Chão de Histórias é uma travessia entre tempo, matéria e memória. Um gesto de escuta diante do que foi silenciado — na terra, nos arquivos, nos corpos. A partir de uma busca pessoal por raízes apagadas, o projeto se constrói como uma cartografia afetiva do sertão pernambucano, território de origem da família do meu pai e lugar que, por muito tempo, me foi ausente.
O trabalho parte do encontro entre imagens de arquivo e fotografias contemporâneas, e se aprofunda em duas séries que tensionam as fronteiras entre o passado herdado e o presente vivido:
Dobra do Tempo reúne colagens compostas por fotografias de paisagens que realizei em 2022 nas regiões de Floresta e do Vale do Catimbau, somadas a imagens de arquivo familiar recortadas à mão e a rendas renascença — tradição têxtil trazida por freiras francesas no século XIX e transmitida às mulheres sertanejas. As composições criam dobras visuais e simbólicas: tempos que se sobrepõem, memórias que se costuram, formas que ecoam.
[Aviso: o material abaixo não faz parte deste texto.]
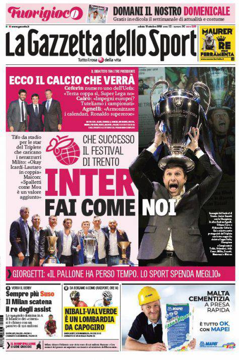 Gazzetta dello Sport, CorSport, Tuttosport: prime pagine del 13 ottobre 2018 13/10/2018 - 08:5113/10/2018 - 08:06 di Pasquale Cacciola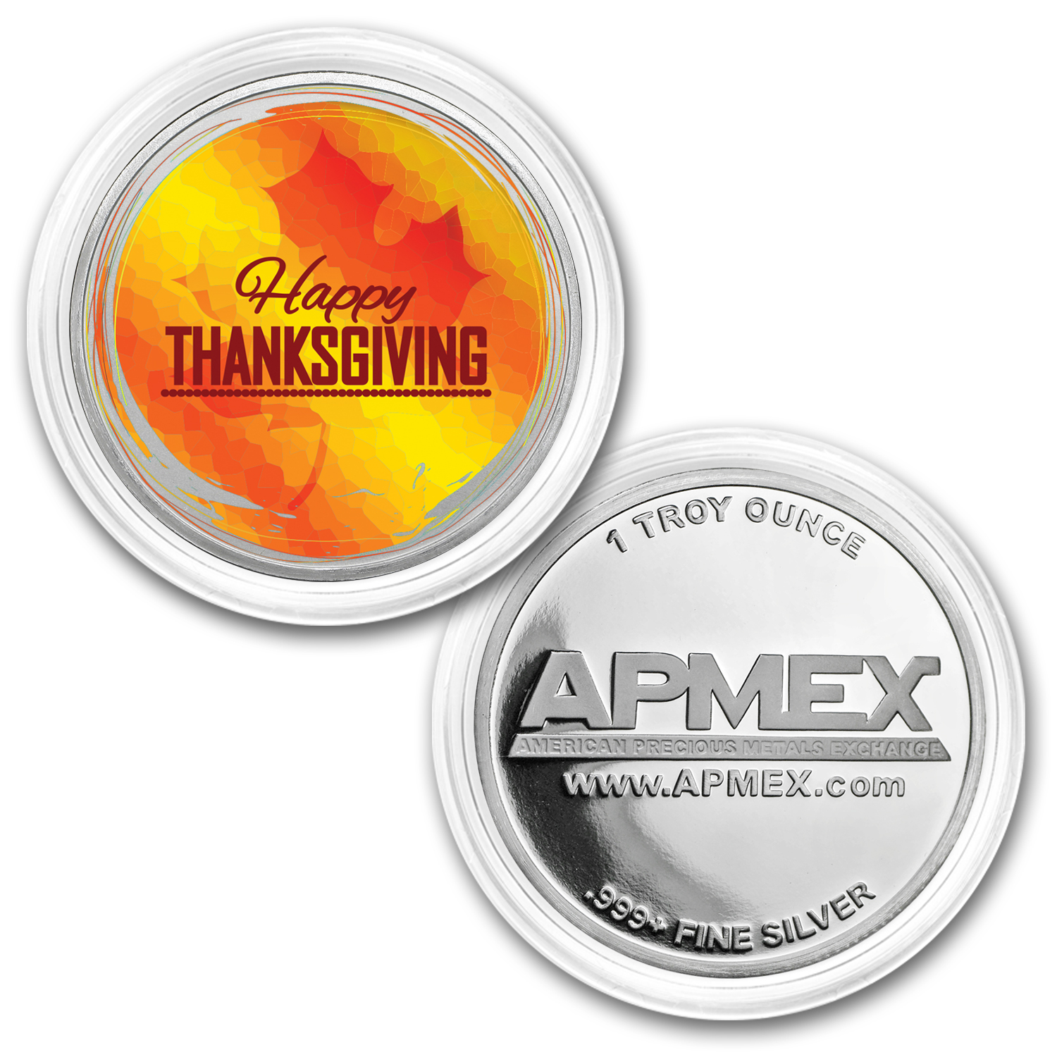 Pick up one of these unique colorized rounds while supplies last. Add this beautiful full-color 1 oz Thanksgiving round to your cart today!

Encontro é uma síntese sensível de origem. Retratos de ancestrais são combinados à argila seca e arenosa do sertão — a terra que guarda, resiste e também lembra. Nessa série, a argila não é suporte, mas corpo. Ela acolhe as imagens como se fossem vestígios orgânicos da paisagem, afirmando que somos inseparáveis do solo que nos gera e nos devolve.
Ambas as séries propõem uma arqueologia íntima: uma tentativa de reconstituir laços por meio da justaposição de gestos, materiais e silêncios. Entre o visível e o velado, Chão de Histórias convida o olhar a repousar no que pulsa sob a superfície — um tempo ancestral que ainda respira, e espera ser reativado.